I’m trying to train a CLIP-based model using FSDP on three GPUs, but when each epoch start iterating the data loader, it may take about 1 minute for reading 4K pieces of data.
DataSet key codes:
class MyDataset(DataSet):
def __init__(self, …):
self.label_table = pd.read_csv(…) # About 4K rows
def __len__(self):
return self.y.shape[0]
def __getitem__(self, idx):
img = Image.open(join(self.img_dir, self.label_table.loc[idx, 'image']))

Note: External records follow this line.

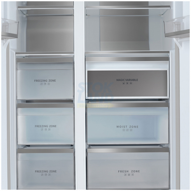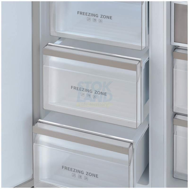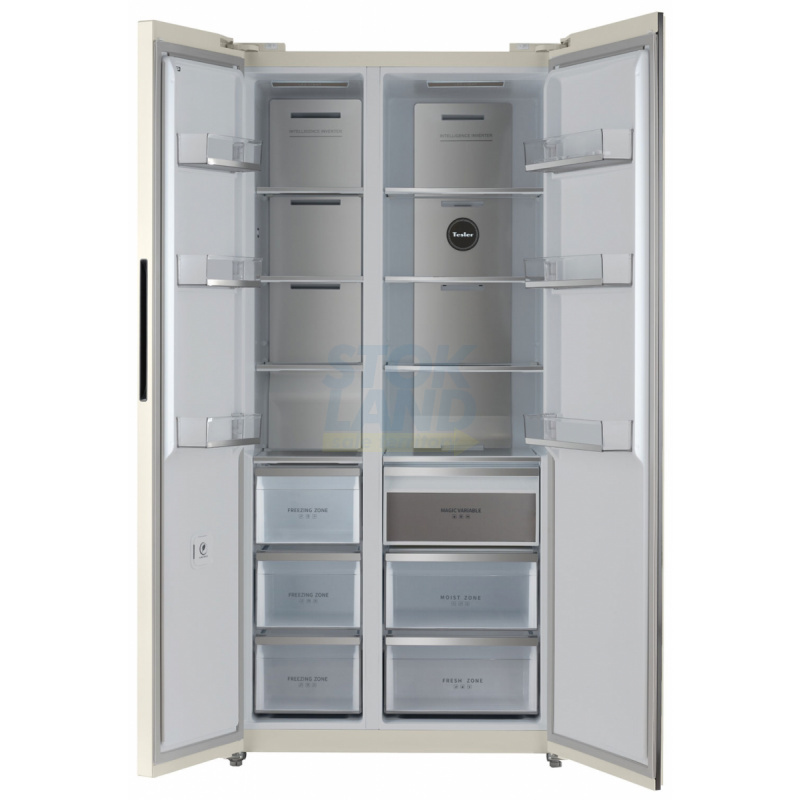 Холодильник Side-by-Side Tesler RSD-537BI MARBLE BEIGE — вместительный и стильный прибор в бежевом цвете, обеспечивающий надёжное хранение продуктов.
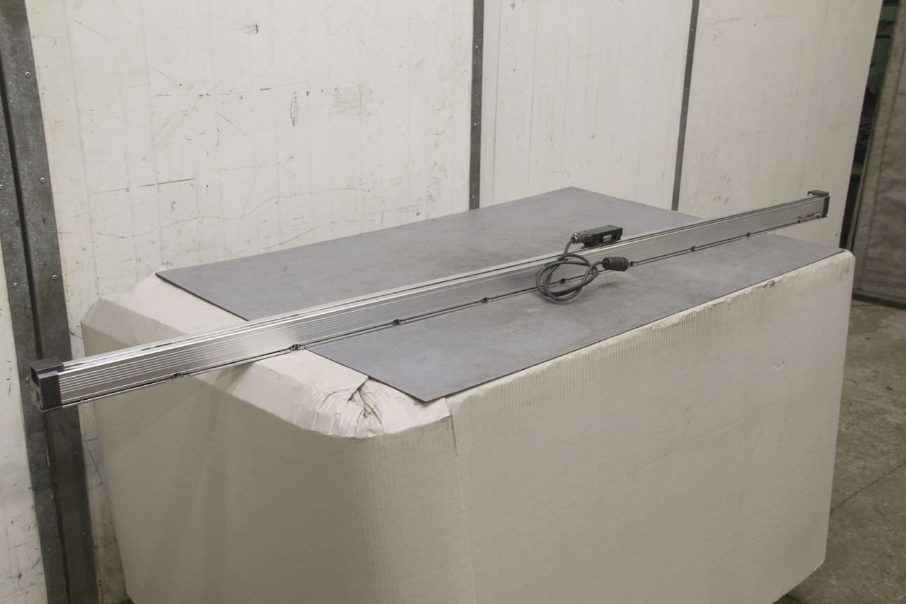 Glass scale, glass measuring stick, scale, digital display, measuring stick, length measuring system, length measuring device, linear scale, position indicator, digital scales, digital scale for digital display-for: turning and milling machines-Manufacturer: Heidenhain-Type: LB302-Dimensions: 1915/49/H63 mm-Weight: 7.2 kg
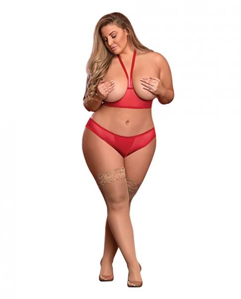 Risqué Business Cupless Bra & Crotchless Panty Red Qn
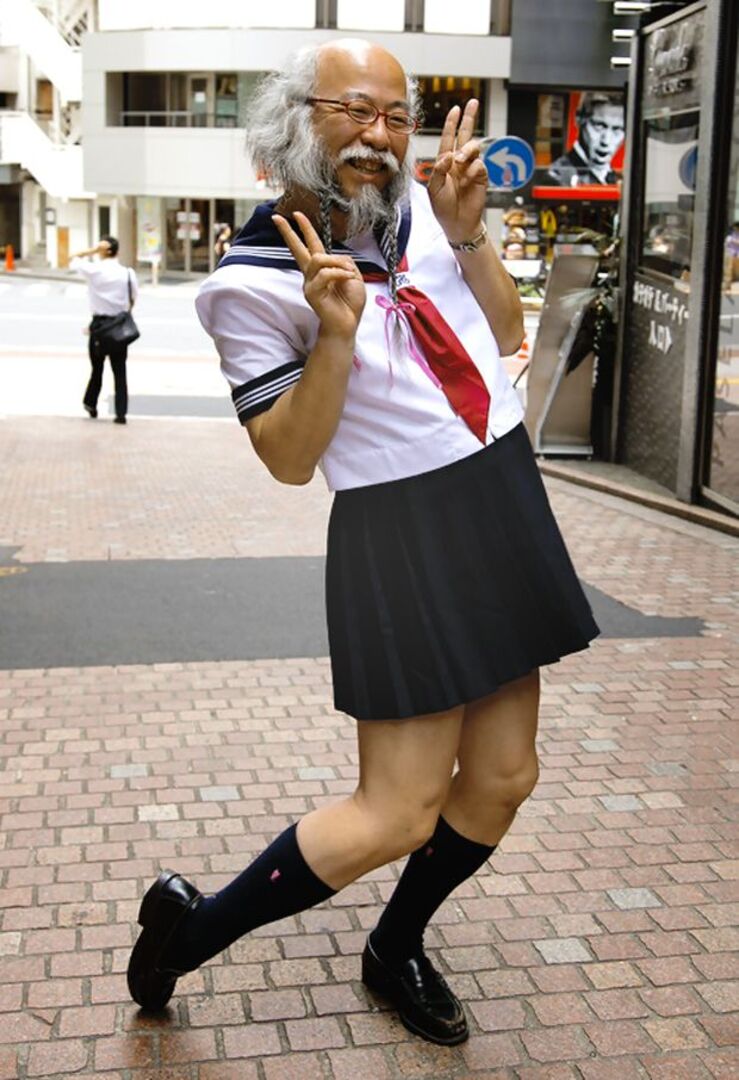 Eigentlich ist Herr Hideaki Kobayashi Fotograf und Computer-Techniker. Aber vor drei Jahren entdeckte der bärtige Mann eine neue Leidenschaft: "Seifuku", den japanischen Schulmädchenstil. Als er damals erstmals bei einem Kunstevent in Faltenrock und Krawatte schlüpfte, ahnte er aber wohl nicht, dass ihn diese Verkleidung eines Tages berühmt machen würde.
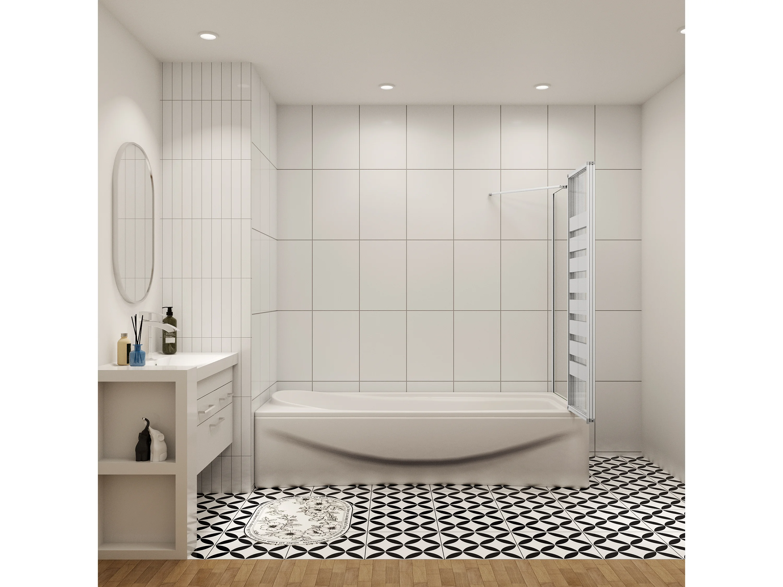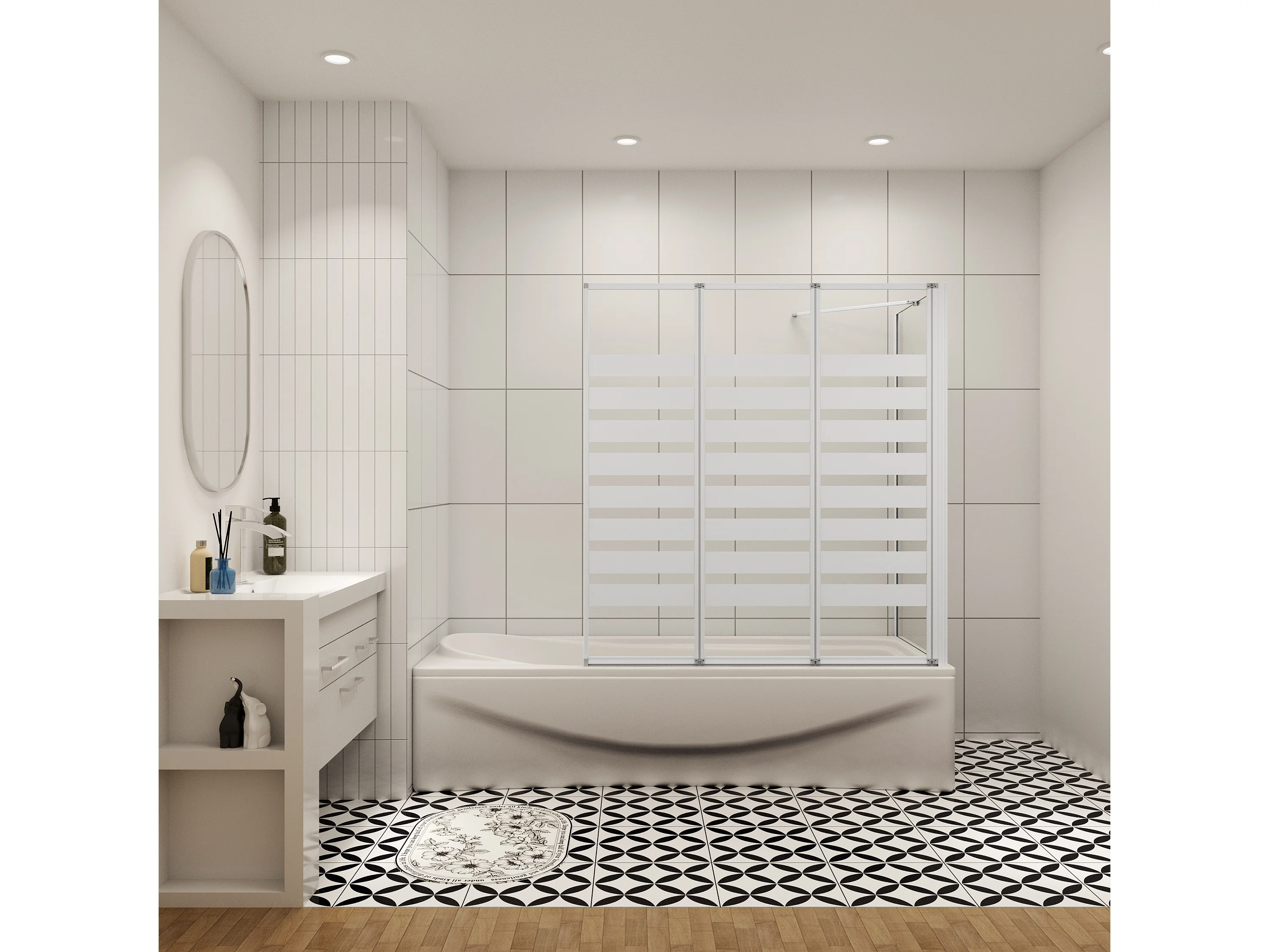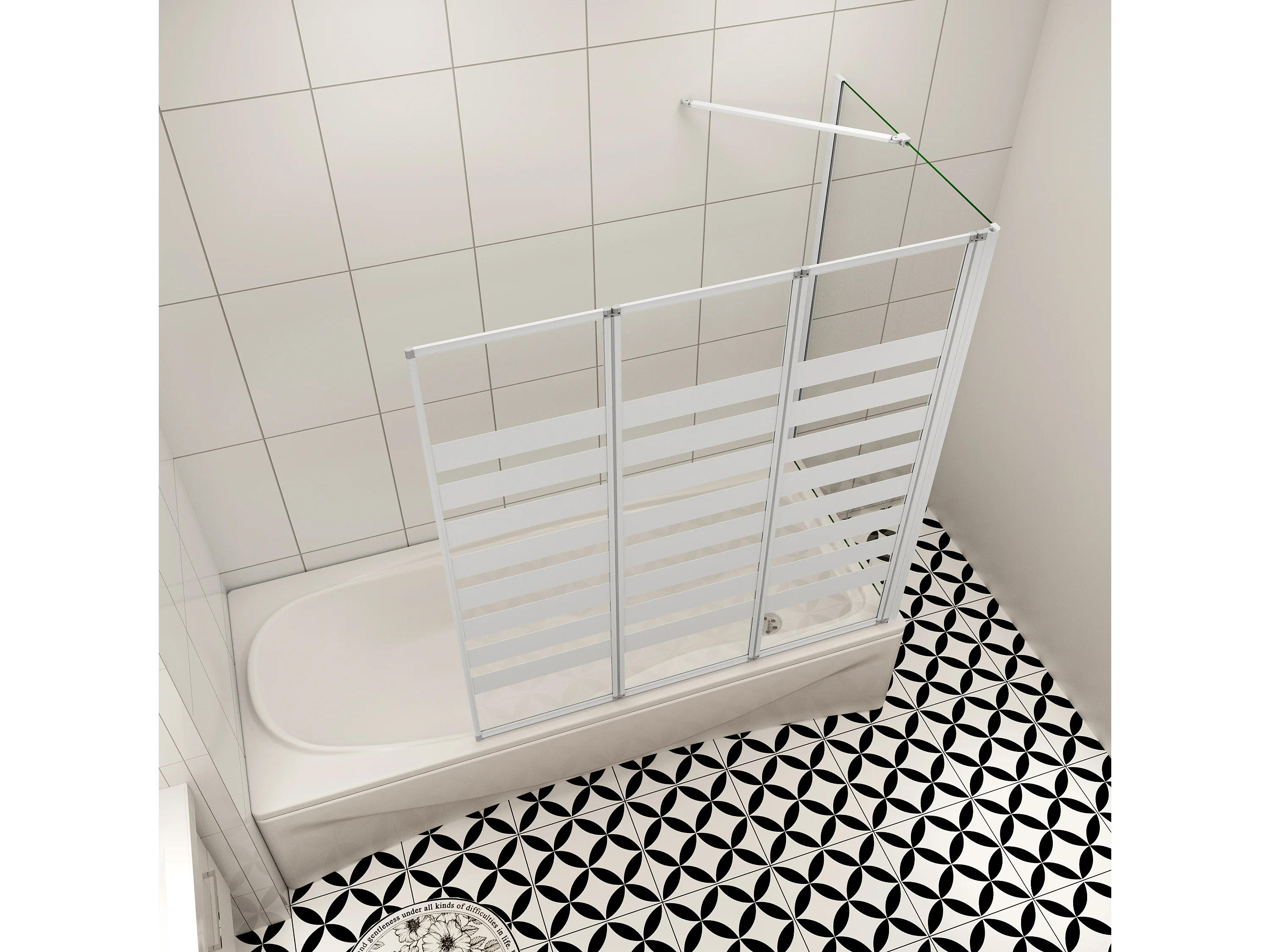 130x140cm Badwand 3-delig vouwbaar,4mm transparant veiligheidsglas met horizontale strepen - mat wit profiel
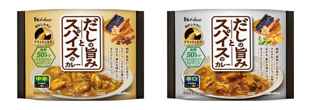ハウス食品は、かつお節や昆布のだしを使ったカレールー「だしの旨みとスパイスのカレー」を発売。中辛と辛口の2種で、辛さごとに、だしやスパイスの組み合わせを変えている。一般的な固形ルーに比べ脂質は半分で、軽やかな口当たりだという。溶かしやすい粉末状のルーを採用した。2皿分に個包装した3袋入りで、参考小
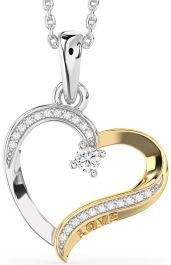 This beautiful heart-shaped pendant gracefully combines timeless elegance with a modern twist. Featuring a sparkling center stone that catches the light with every movement, the design is accented by shimmering pavé stones that outline the flowing heart. The word "LOVE" is subtly engraved along the curve, making it a heartfelt symbol of affection to cherish forever.
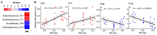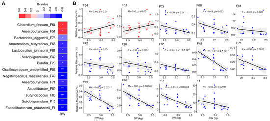 Spearman correlation between BW and relative abundance (%) of bacterial ASVs in male chickens. (A) Correlation coefficient and significance between BW and differentially enriched ASVs identified from LEfSe analysis. Only those features with p < 0.05 and |R| > 0.30 are shown. * p < 0.05, ** p < 0.01, *** p < 0.001. (B) Scatterplots of individual bacterial ASVs showing a significant correlation with BW. Only those with p < 0.001 are displayed for ASVs showing a negative correlation. The solid line in each graph represents the line of best fit, while gray shading indicates the 95% confidence interval. In a few cases, 1–3 outliers were omitted for the sake of better visualization.
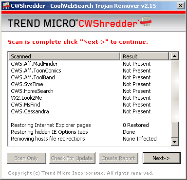 Opravdu existují jednorázové čističe, které umějí vyčistit počítač od konkrétního škodlivého softwaru. Máte-li např. problémy s typem spywaru, který nese označení CoolWebSearch (CoolWWWSearch, zkráceně jen CWS), a nemůže-li váš čistící software problém odstranit, použijte Cool Web Schredder.
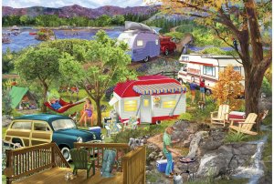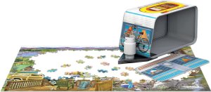 Puzzle v plechové krabičce ve tvaru karavanu .
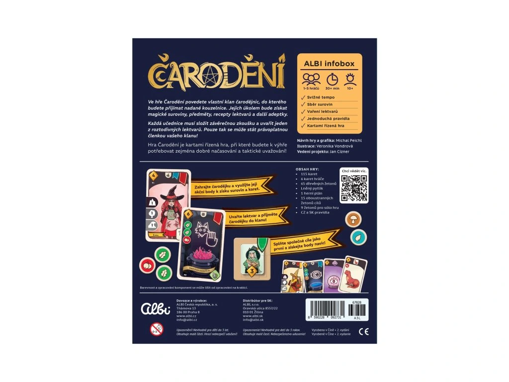 Ponořte se do světa magie! V rodinné hře Čarodění povedete vlastní klan čarodějnic a přijímáte nadané kouzelníčky. Získávejte magické suroviny, předměty, recepty lektvarů a rozšiřujte svůj klan!
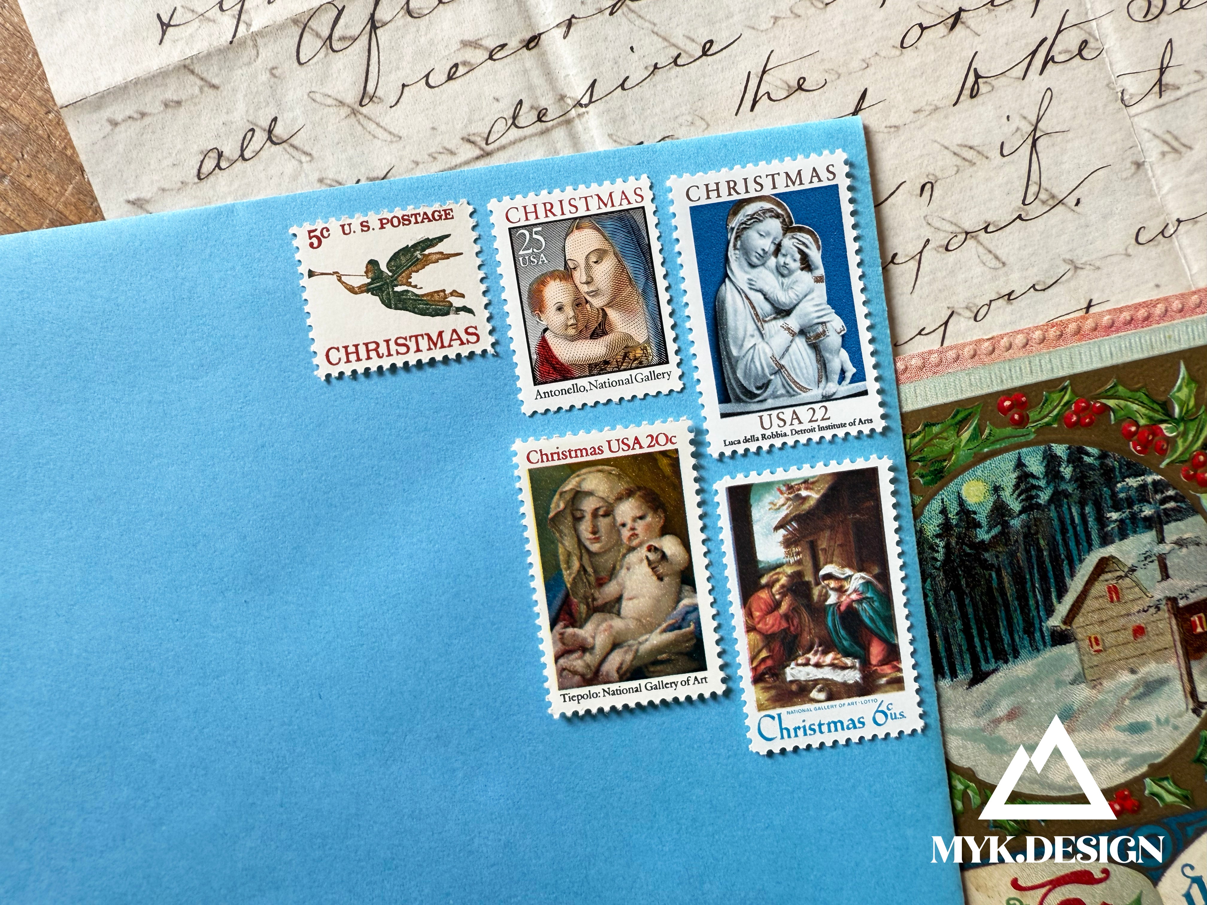 Vintage Christmas Postage Set of Five Stamps | 78 cents postage for cards, letters

if self.transform is not None:
img = self.transform(img)
return img, …
DataLoader related codes:
transform = torchvision.transforms.Compose([
torchvision.transforms.Resize((image_size, ) * 2),
torchvision.transforms.ToTensor()
])
train_ds = MyDataset(…, transform=transform)
train_sampler = torch.utils.data.distributed.DistributedSampler(train_ds, rank=rank, num_replicas=args.world_size)
train_loader = torch.utils.data.DataLoader(train_ds, batch_size=args.batch_size, pin_memory=False, num_workers=48, sampler=train_sampler, drop_last=True)
Trainning codes:
model = MyModel(train_ds.get_ti_rads_size()).float().to(rank)
model = FullyShardedDataParallel(model, auto_wrap_policy=my_auto_wrap_policy, cpu_offload=CPUOffload(offload_params=True), use_orig_params=True)
optimizer = torch.optim.AdamW(model.parameters(), lr=1e-3)
for epoch in range(1, args.epochs + 1):
fsdp_loss = torch.zeros(2).to(rank)
if train_sampler:
train_sampler.set_epoch(epoch)
if rank == 0:
epoch_progress = tqdm.tqdm(range(len(train_loader)), colour='blue', desc=f'Training Epoch {epoch}')
# The hanging out problem appears on the line below of each epoch
for image, …, _ in train_loader:
# Copy tensors to devices.
image = image.to(rank)
# …
The program will stuck at the for image, …, _ in train_loader:
for about 1 minute of each epoch.
When I add debug print line at the __getitem__
function of the DataSet, it seems that all images will be read again when DataLoader is iterated every time. So I would like to know how too avoid this problem?
I have tried some approaches but no one worked:
- Set
pin_memory=True
. - Read all images in the constructor function of DataSet, and read image tenors directly in the
__getitem__
function. (It might illustrate the DataSet would be reload at every epoch.